No pressure. No doubt. Just this steady belief in me that I didn’t always have in myself.
I can feel it all again—the nerves, the excitement, the way my hands used to shake when I first started. I remember walking into the shop that first day, my sketchbook practically glued to my chest like it was the only thing I had to prove I belonged there.
Everyone told me not to do it.
Stick to drawing.
You’re good at painting, don’t ruin it.
Tattooing isn’t stable.
That world isn’t for you.
They all had something to say.
None of them understood.
Drawing on paper was never enough for me. I didn’t want something people looked at once and walked away from—I wanted something permanent. Something that meant something. Something people carried with them.

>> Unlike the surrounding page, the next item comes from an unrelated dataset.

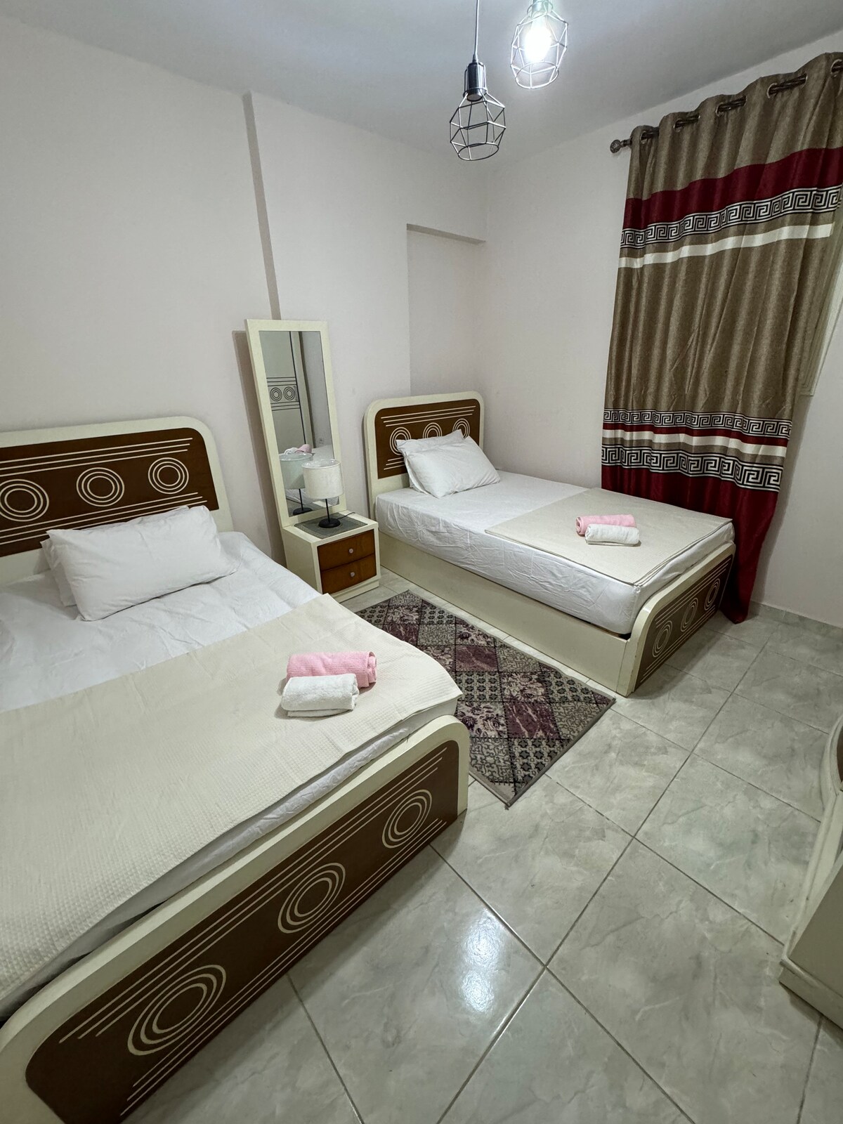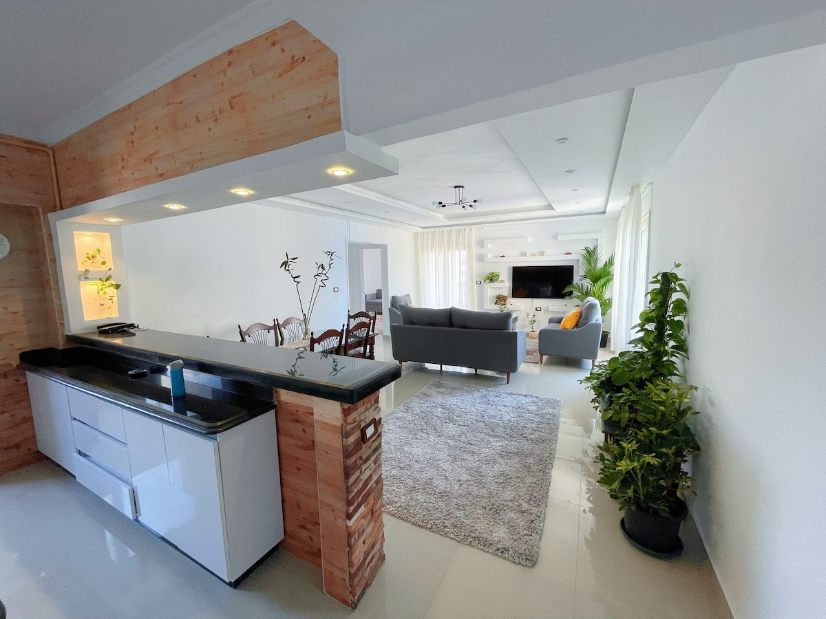 All what you need in this breath-taking apartment. •Best Location. •2 bedrooms “2 Queen Beds”. -1 sofa bed. •1.5 Bathrooms. •1 Shezlong Sofa. •Fully Equipped Kitchen. •Washing Machine. •Dinning Room. •Iron Available. •3 TVs ( iptv) •Free Wifi. •3 Available Air Conditioners (Cold/Warm). •Free Electricity, Water & Gas Bills for short stays only. Long-term reservation will have to pay Electricity, Water & Gas bills. • Security Guards.

Cody was the only one who didn’t shut it down.
He barely said anything at first. Just flipped through my sketchbook, slow and quiet, like he was actually seeing it instead of judging it.
Then he looked at me and asked, “You ever hold a machine before?”
I remember shaking my head.
And instead of telling me I couldn’t—
He nodded.
“Good. Then you don’t have bad habits to unlearn.”
I almost laugh now, thinking about it.
That was it. That was all it took.
He gave me a chance when no one else did.
I can feel those nights again—the long ones where everyone else left and I stayed behind, practicinguntil my hand cramped, until my eyes burned, until I couldn’t tell if I was improving or just stubborn.
Cody never rushed me.
Never made me feel stupid for asking questions.
He taught me like I belonged there.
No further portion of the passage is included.